Jane Lawrence Smith (February 3, 1915 – August 5, 2005), born Jane Brotherton, was an American actress and opera singer who was part of the New York art scene beginning in the 1950s.

Life and work
Jane Brotherton was born in Bozeman, Montana, and grew up in Mt. Vernon, Washington. Her father was Lawrence Langham Brotherton, a founder of the Bozeman Canning Company.

In 1943 she, created the small role of Gertie in Oklahoma! on Broadway.  The same year, she married Tony Smith, an architect who later achieved fame as a minimalist sculptor. Her close friend Tennessee Williams was best man at her wedding. The Smiths became the parents of three daughters, Kiki Smith, Seton Smith and Beatrice (Bebe) Smith Robinson (herself married to the painter and art critic Walter Robinson, before she died from AIDS).

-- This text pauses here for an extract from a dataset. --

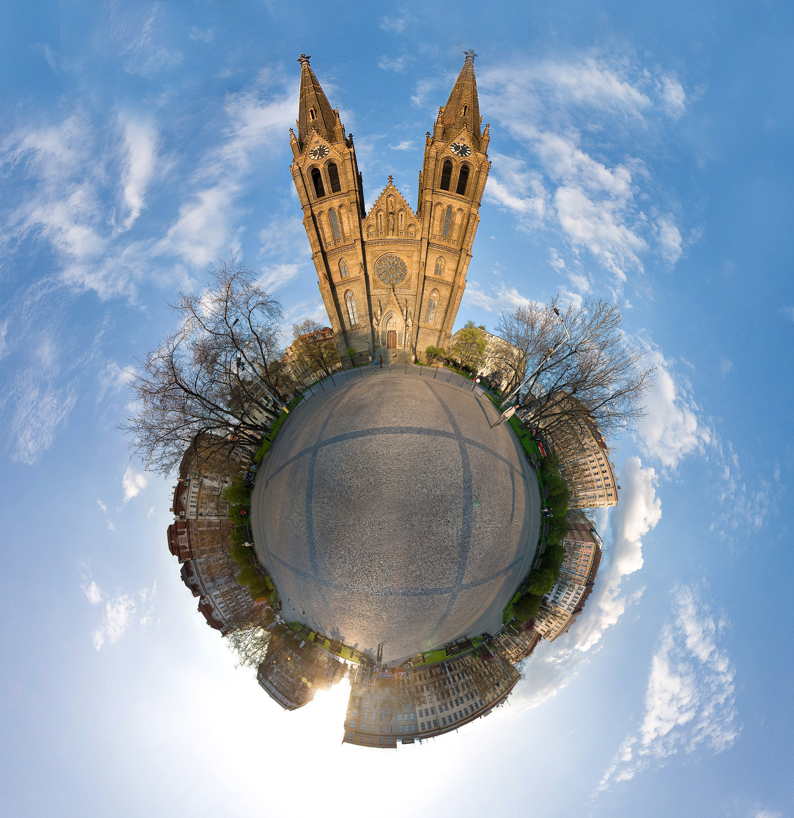 right by namisti miru metro stop. 24 photos stitched with PTGUI. autopano pro failed me on this one. FAILED ME.

In 1950 she traveled to Europe and began an opera career in Germany. The next year she sang the part of Elettra in the 1951 Salzburg Festival presentation of Idomeneo, conducted by Georg Solti.

Ms. Smith was one of the last survivors of the central circle of Abstract Expressionist artists and companions who came to the fore in New York in the 1940s and '50s. Her husband was close to Jackson Pollock and Barnett Newman, and she was the subject of one of Pollock's late black-and-white paintings, No. 7 (1952), now owned by the Metropolitan Museum of Art. Two of her daughters, Kiki Smith and Seton Smith, are artists, adding to her prominence in the art world. After her husband's death, in 1980, she resumed her acting career, this time in avant-garde theater, and worked with the directors John Jesurun, Joan Jonas and Marianne Weems. She performed the lead role in the no wave opera XS: The Opera Opus (1984-6) that was created by composer Rhys Chatham and artist Joseph Nechvatal.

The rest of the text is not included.